Il paraitrait que ce week-end, il y aurait, dans la capitale obscure d'un pitit état du sud de la Belgique, la première édition d'un festival avec des blogs dedans. Des blogs avec des lettres, et tout. Ca rentrerait dans le cadre d'un festival pour la lecture dans le XIème arrondissement de Paris. J'imagine qu'on peut très bien lire ailleurs aussi, mais bon.

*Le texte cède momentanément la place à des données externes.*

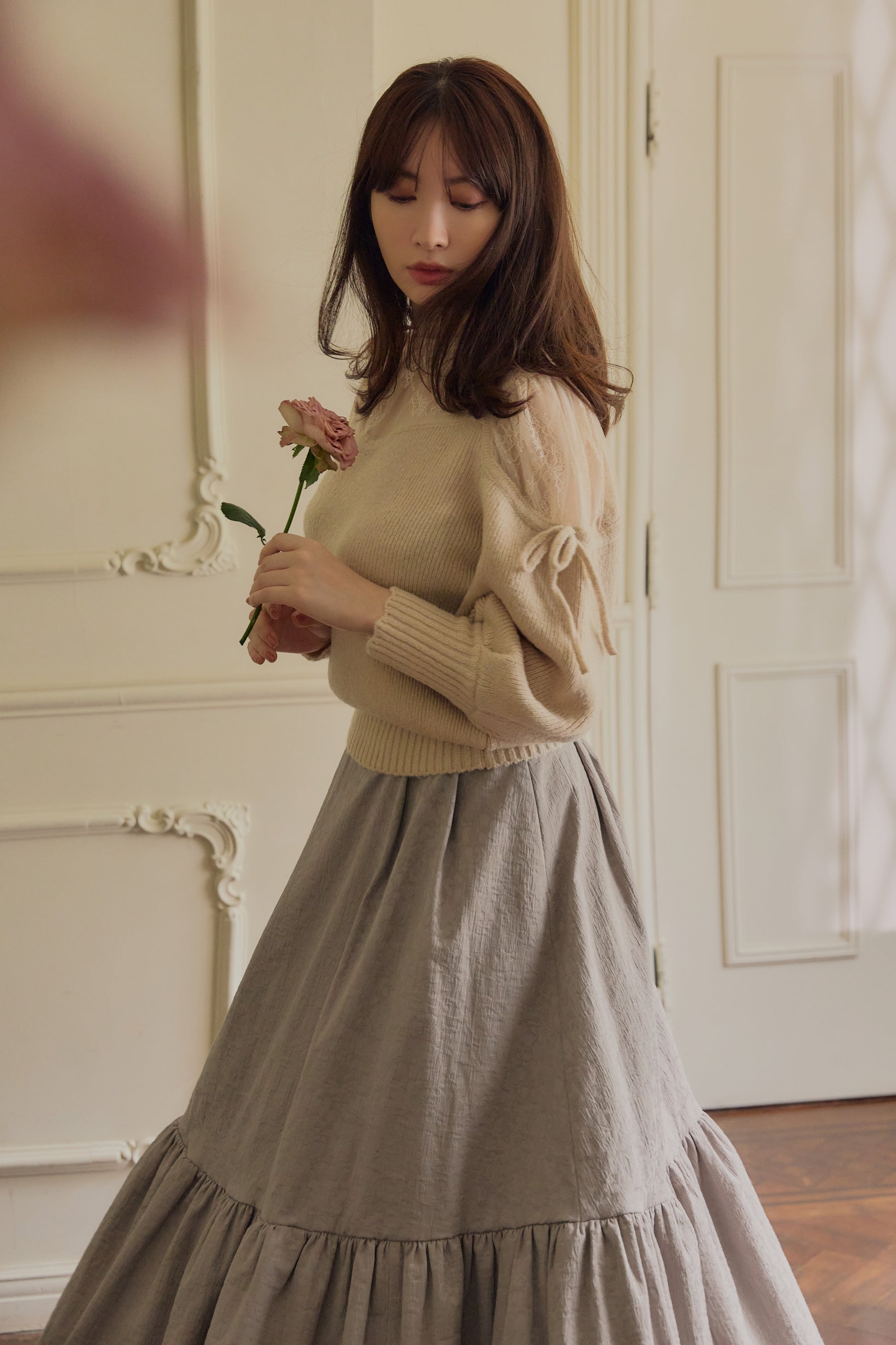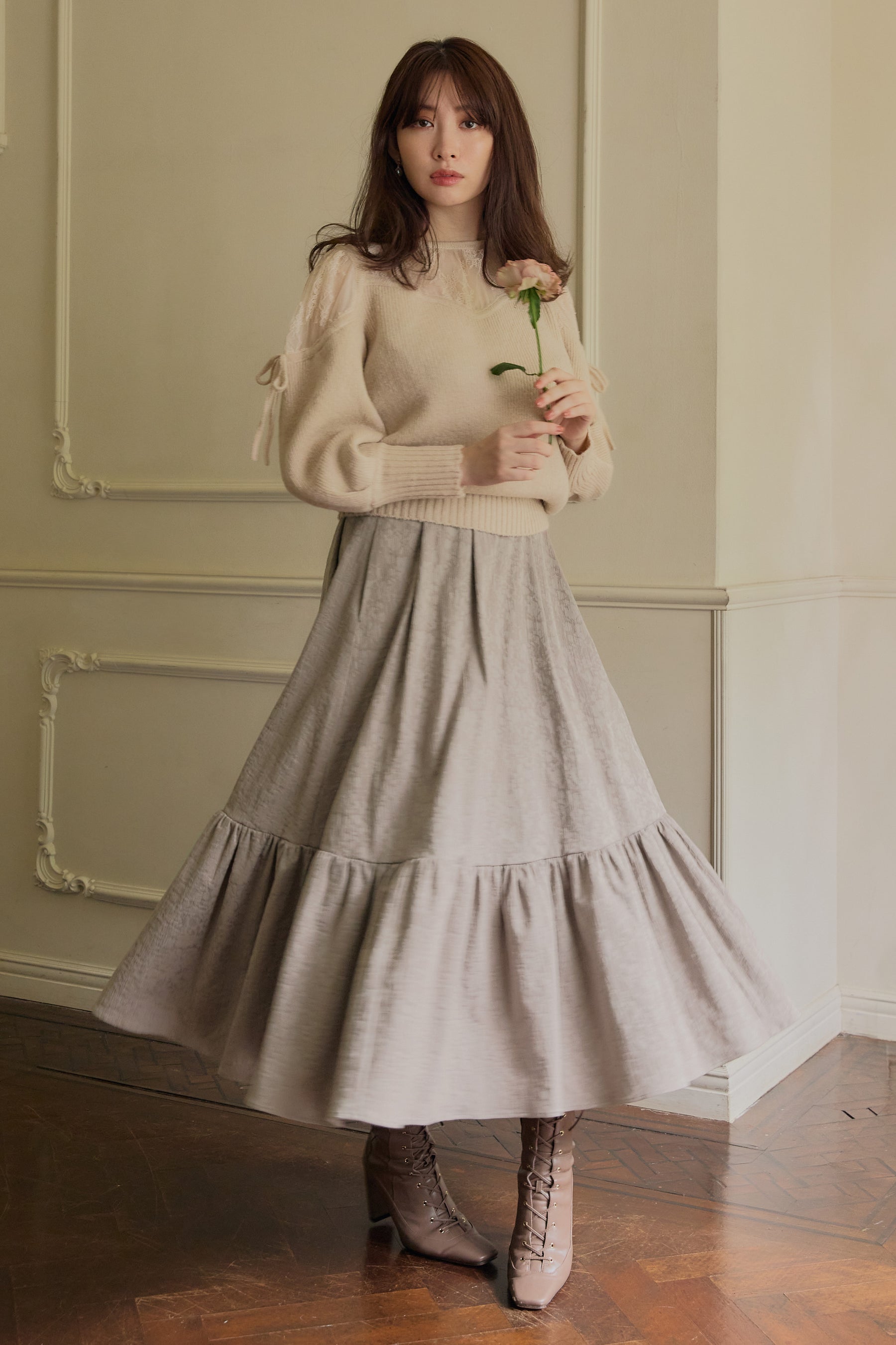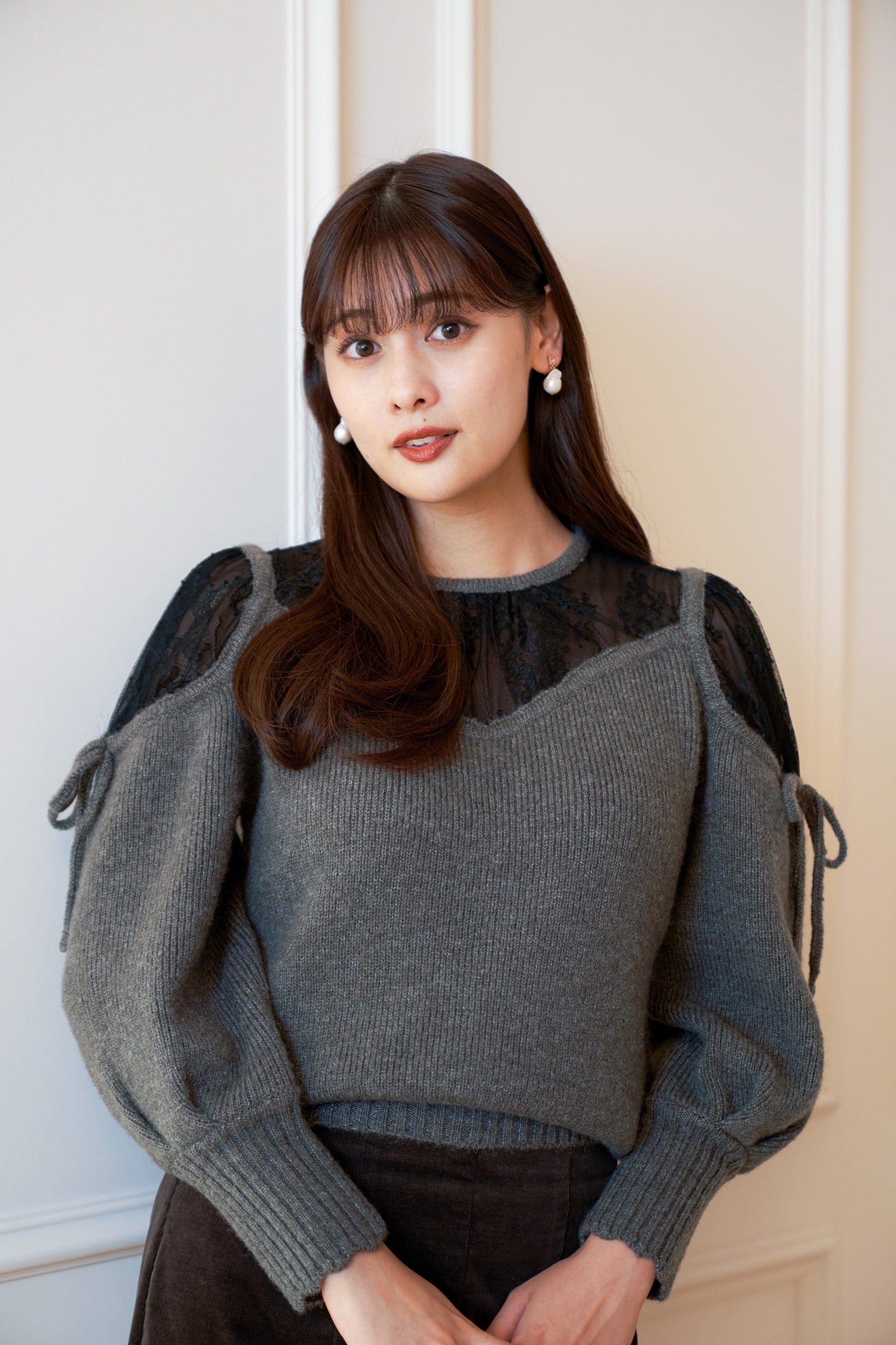 ヨークと肩部分をレース使いにすることにより、程よい肌見せが女性らしく、秋冬の気分を高めてくれます。
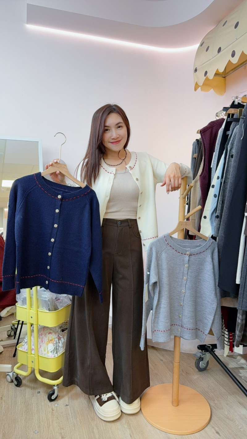 熱賣中🔥 即將售完女EM1125(10)-格紋扣車線邊針織外套(168)(6177深藍)
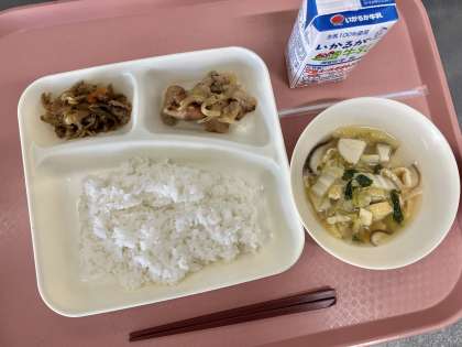 11月20日(水)の献立は「ごはん・牛乳・鶏肉の梅風味焼き・うすくず汁・きんぴらごぼう」でした。
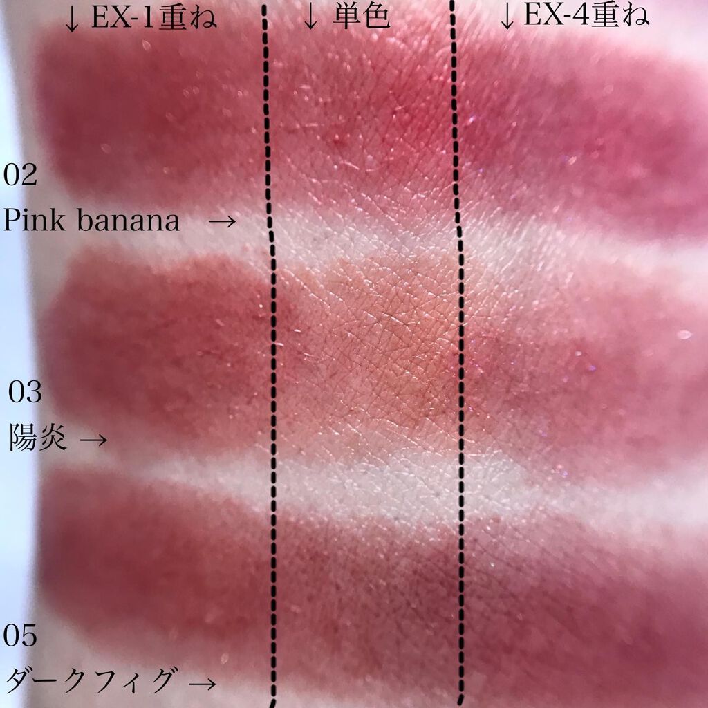 透明感が爆誕するブルベ向きカラー!ピンクも明るめで全体的に使いやすく早速お気に入り! このアイシャドウプチプラの中でお気に入りなのでこれからも新作でたら買ってしまうと思いますw ぷにっと質感が病みつきなバズりフェイスカラーのローズピンク系! 02はどちらかと言うとブルベ向きカラーではあるもののなじみがよく万人に使えるカラー!

Alors bon, à priori, c'est gratuit et y aura plein de blogueurs. Et même des gens qui savent écrire sans blog. Et même des gens qui savent bloguer sans écrire (genre, en dessinant). Alors je me tate. C'est ouvert à tous, mais du coup, ça n'a pas que des avantages. Ils vont quand même jusqu'à recevoir Planche-Woman (s'obstiner à ce point dans l'absence de seins, ça relève du super-héroïsme), Pervers pépère et à laisser la sécurité à un barbu, qui plus est roux. C'est dire si j'hésite.
Et puis leur site me colle encore plus le doute. J'affiche quoi moi?

" ou "

C'est pas facile. Parce que bon, c'est que je suis célibataire ce week-end, je peux faire ce que je veux (wouh ouh, à moi le ronflement nocturne). Et puis ce serait l'occasion de réclamer une dédicace à Francis, lui qui m'en extorque une chaque année au festiblog. Mais en même temps, je crains que la sncb n'ait pas encore compris le concept de tarif de dernière minute.

Rhaaaaa c'est pas facile. Mlle Gima, je ne te remercie pas!